→ GOAL OF THE EXERCISE
Please return the lines below verbatim, beginning at the one that has "ワイドなクルーネックと袖のギャザーが作り出すフリルが可愛いポイント!" and stopping after the one that has "The study aims", and add no other lines.

** Opening INFORMATION GIVEN block **

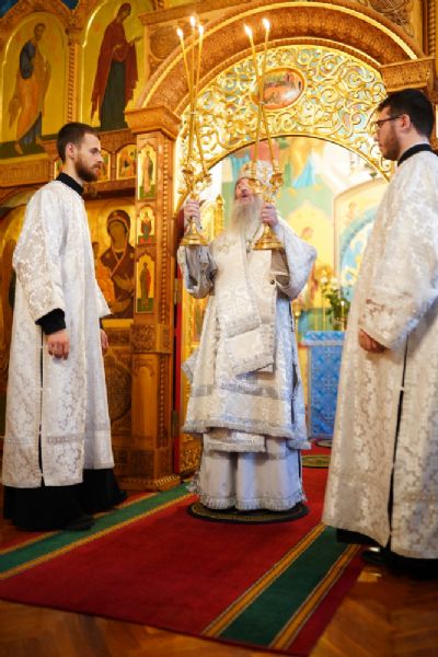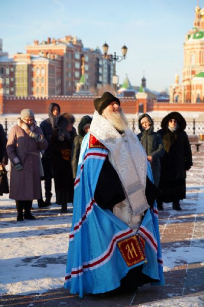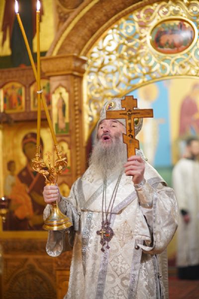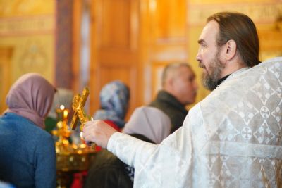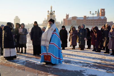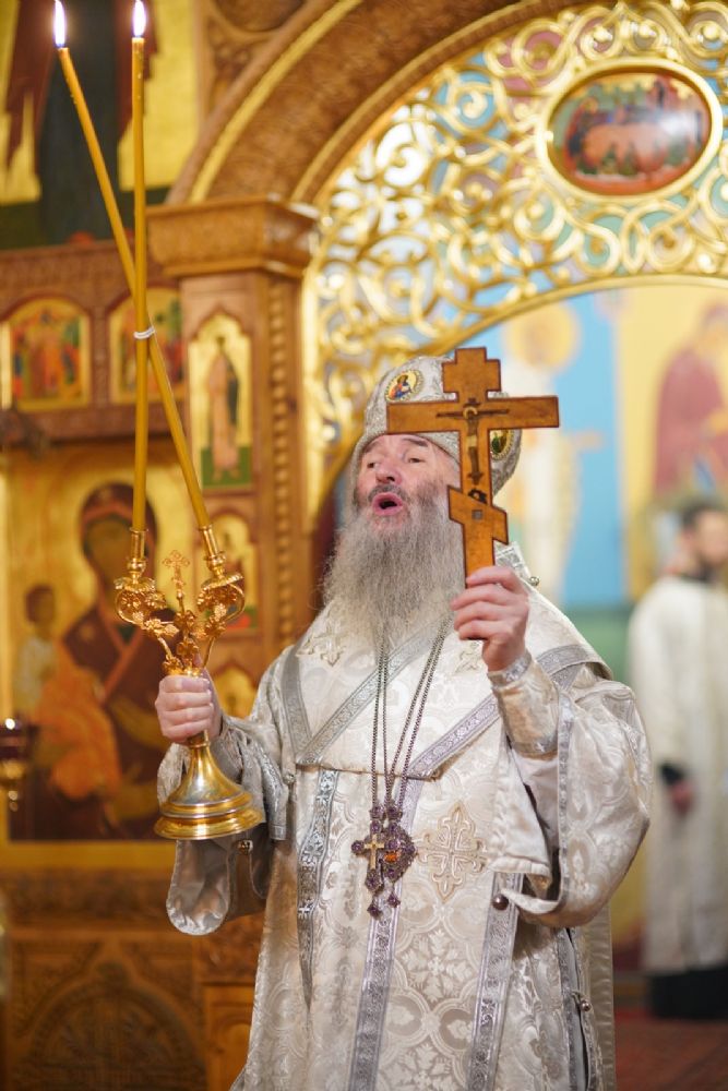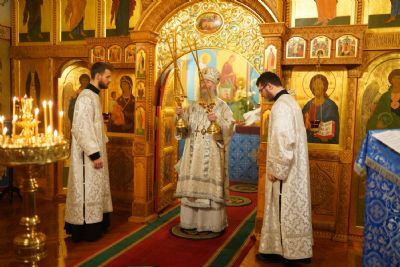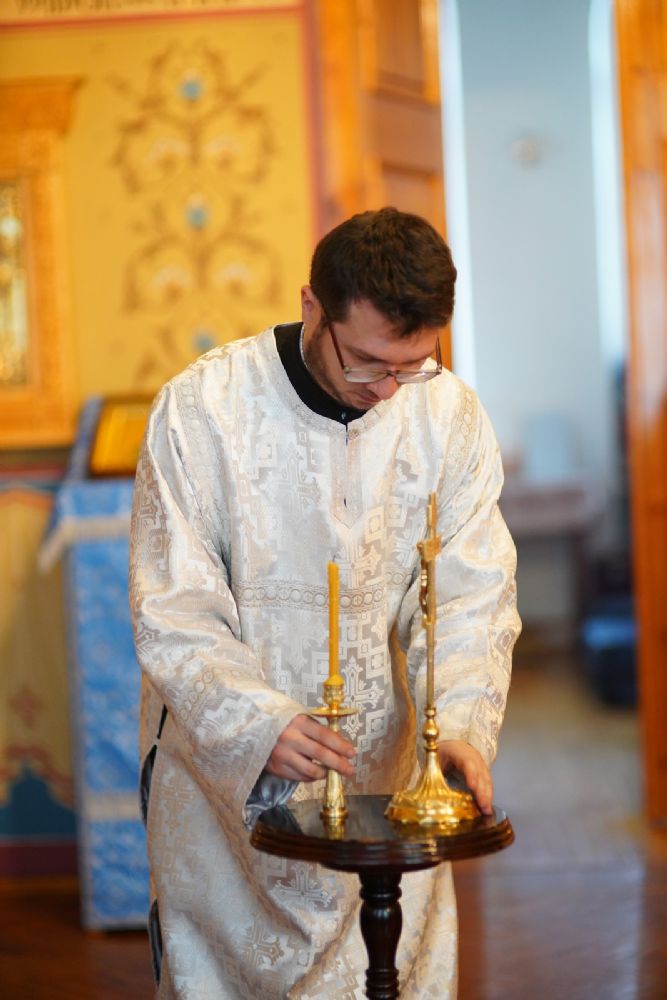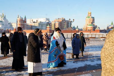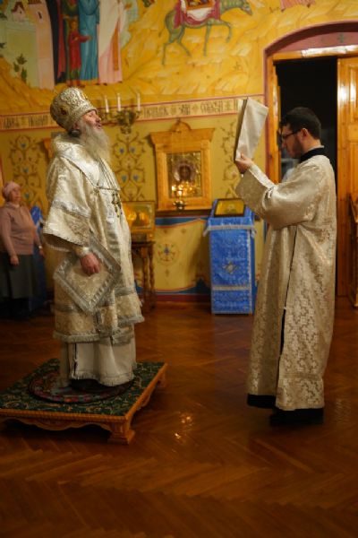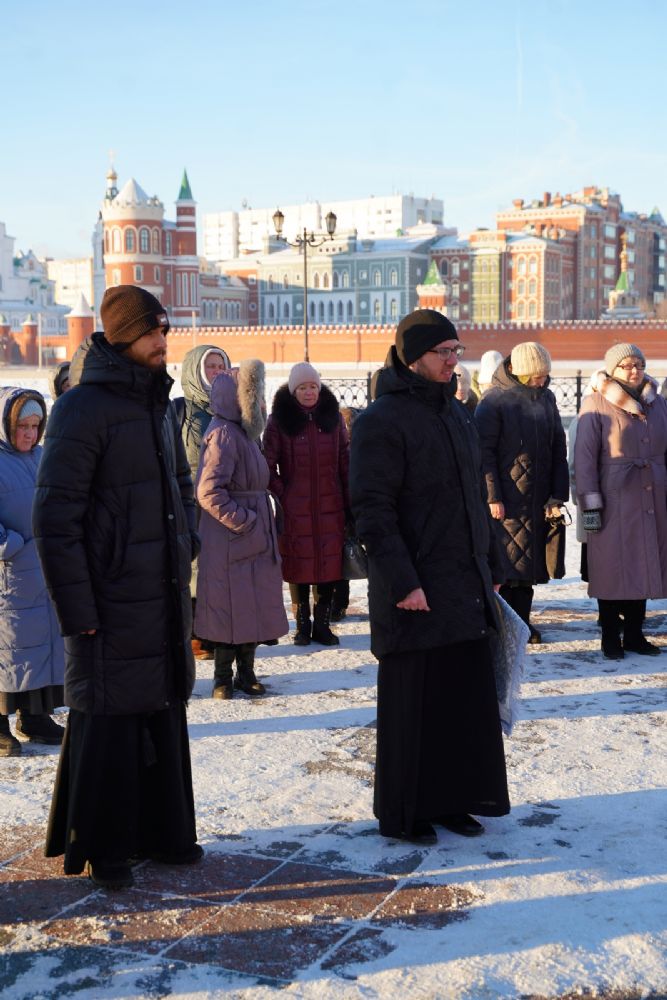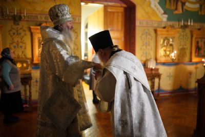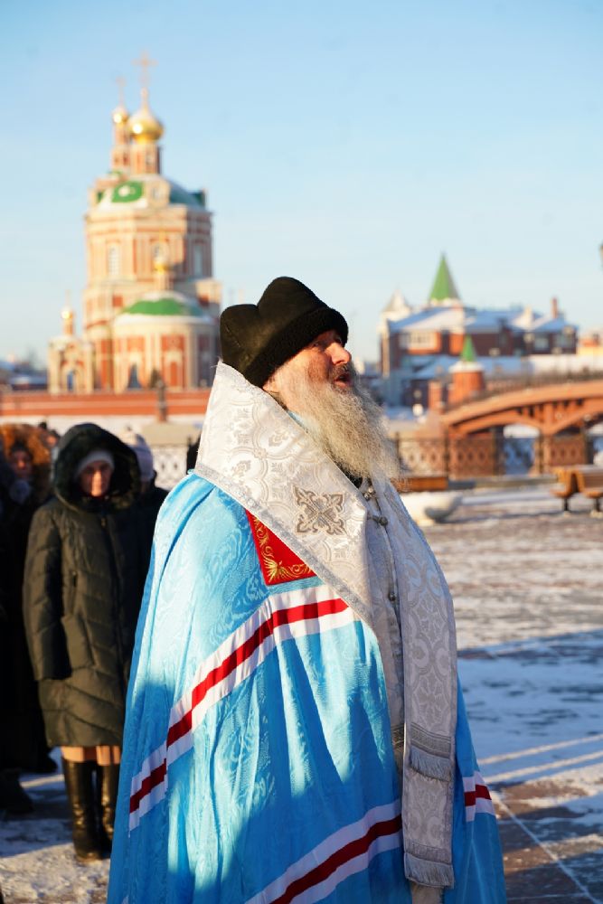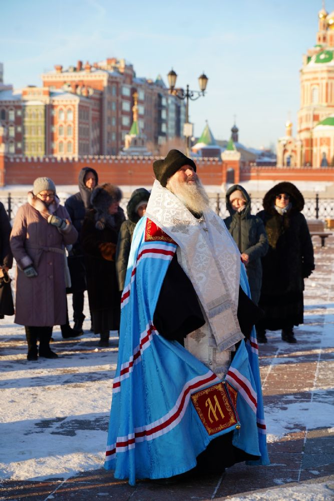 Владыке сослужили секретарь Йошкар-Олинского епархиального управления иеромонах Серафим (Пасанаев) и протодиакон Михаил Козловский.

** Closing INFORMATION GIVEN block **
** Opening INFORMATION GIVEN block **

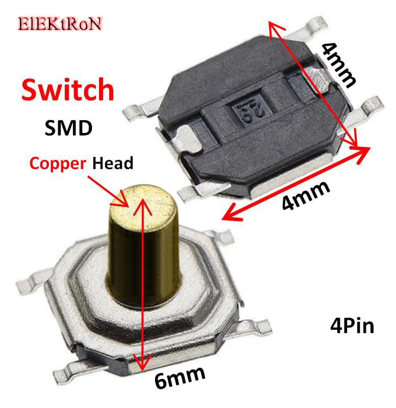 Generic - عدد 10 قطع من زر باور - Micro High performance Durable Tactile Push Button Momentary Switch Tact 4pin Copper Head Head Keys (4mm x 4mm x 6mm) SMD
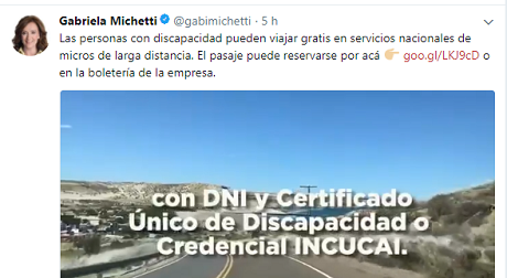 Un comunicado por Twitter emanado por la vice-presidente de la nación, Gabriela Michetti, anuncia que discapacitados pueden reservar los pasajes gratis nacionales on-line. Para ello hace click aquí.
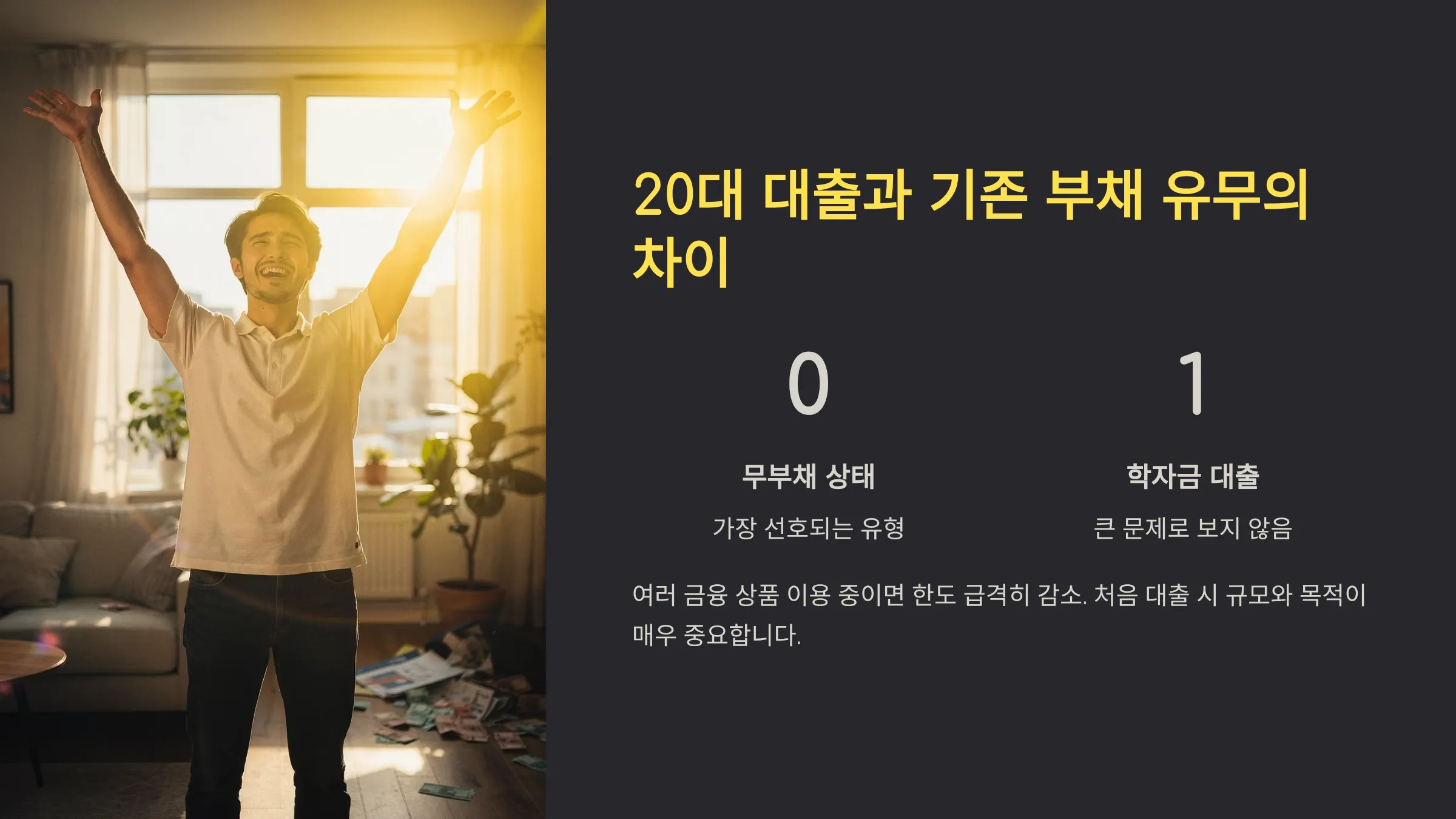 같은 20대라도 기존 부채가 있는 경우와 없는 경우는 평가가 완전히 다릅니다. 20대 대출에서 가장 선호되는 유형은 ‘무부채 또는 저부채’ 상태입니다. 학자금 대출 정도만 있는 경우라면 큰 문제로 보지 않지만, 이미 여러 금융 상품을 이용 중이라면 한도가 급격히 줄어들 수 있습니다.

** Closing INFORMATION GIVEN block **
** Opening INFORMATION GIVEN block **

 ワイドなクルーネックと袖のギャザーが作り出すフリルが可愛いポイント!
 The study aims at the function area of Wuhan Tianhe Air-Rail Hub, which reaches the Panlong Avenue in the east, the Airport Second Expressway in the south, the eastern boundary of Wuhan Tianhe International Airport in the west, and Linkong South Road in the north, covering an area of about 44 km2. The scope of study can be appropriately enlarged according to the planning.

** Closing INFORMATION GIVEN block **

→ RESULT OF THIS TASK
 ワイドなクルーネックと袖のギャザーが作り出すフリルが可愛いポイント!
 The study aims at the function area of Wuhan Tianhe Air-Rail Hub, which reaches the Panlong Avenue in the east, the Airport Second Expressway in the south, the eastern boundary of Wuhan Tianhe International Airport in the west, and Linkong South Road in the north, covering an area of about 44 km2. The scope of study can be appropriately enlarged according to the planning.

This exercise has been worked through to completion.